Все наши геологи разбрелись по маршрутам, а я поехал с геодезистами на их танке с тем, чтобы снять сети и по возможности увезти все наше рыбацкое имущество (лодку, так и не пригодившуюся бочку, сети и т. п.) поближе к лагерю — через два-три дня за нами должен быть вертолет.
По выезде из Тулай-Киряки Володя отцепил палатку и на вездеходе довез меня до места нашей рыбалки, благо тут всего три километра (пять минут ходу на машине). Попались в сеть нам четыре сижка, пара крупных хариусов и какой-то сумасшедший гольчик граммов в триста весом. Погрузили на вездеход все наше имущество и увезли к долине Фрамки. Хариусов я подарил нашим новым знакомым и научил, как сделать из них согудай. Я пожал всем парням руки, пожелал им удачи. Володя записал мой новосибирский адрес и телефон и еще раз извинился, что не может подбросить меня со всеми нашими шмотками до дому. Но прежде чем вездеход геодезистов ушел на северо-восток, Игорь успел поделиться со мной своими планами на будущее (хотя я вовсе не просил его об этом):
— Сибирь я уже знаю прилично, и Восточную, и Западную, и Центральную. Еще год-два — и мне тут делать нечего. Буду перебираться на Дальний Восток.

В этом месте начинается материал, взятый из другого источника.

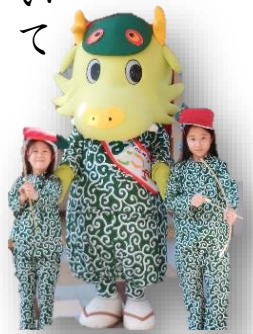
まいりゅう君も舞男の衣装を着ているよ！

龍ヶ崎の撞舞は、平成十一年に国選択無形民俗文化財に、平成二十二年に茨城県無形民俗文化財の指定を受けた、450年以上の歴史ある伝統芸能である。雨乞いや五穀豊穡、疫病除け祈願の意味を込め、八坂神社祇園祭の最終日の夕刻に披露される。場所は根町撞舞通り。祇園祭は通例、7月後半の金・土・日曜日の三日間にわたってとり行われる。
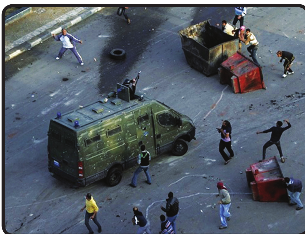
En Égypte: les manifestant.es attaquent une van de flics anti-émeutes
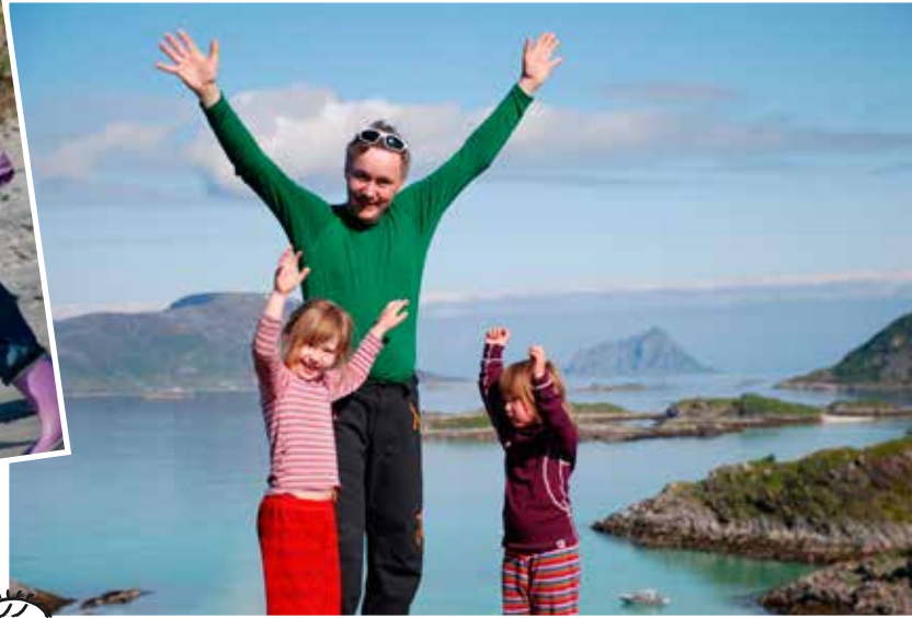
Hurra – vi nådde den lille toppen.
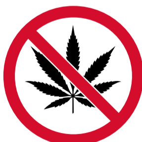
Drogas o estar bajo sus efectos
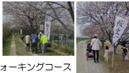
ウォーキングコース
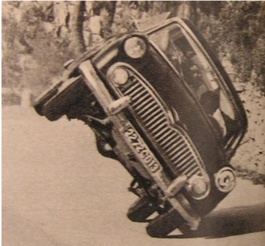
Gil Delamare sur deux roues
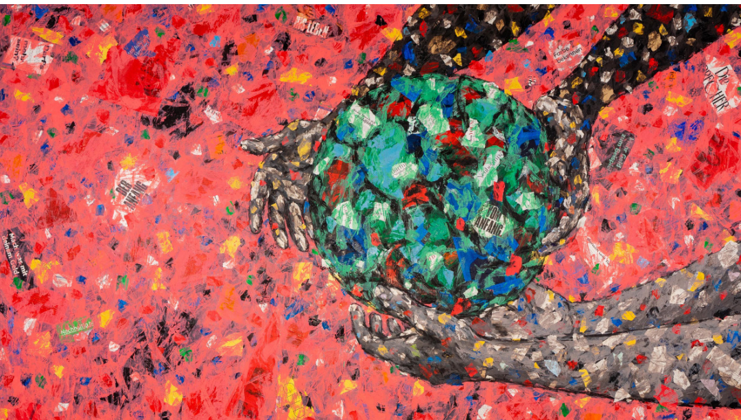
Das Hungertuch der Aktion Misereor fragt nach dem, was uns wichtig ist.

und fragt: Was tasten wir nicht an? Was ist uns das Leben wert? Was ist uns heilig? So ist das Hungertuch der Aktion Misereor Aufforderung zur Einmischung und Einladung, die Hoffnung auf ein neues, gerechtes Gesicht der Erde nicht aufzugeben. Wir haben es in der Hand.

Вечером я сварил большую кастрюлю вкусного (я так думаю) утиного супу. Но когда я уже собрался подавать ее на стол, под ногу мне подвернулась пустая бутылка; я споткнулся, задел кастрюлю, она соскочила с примуса, и весь суп (кипевший ключом) вылился через мою правую руку наземь. Очень больно и очень обидно. Руку я быстро смазал растительным маслом, но здоровенный волдырь тем не менее уже успел образоваться.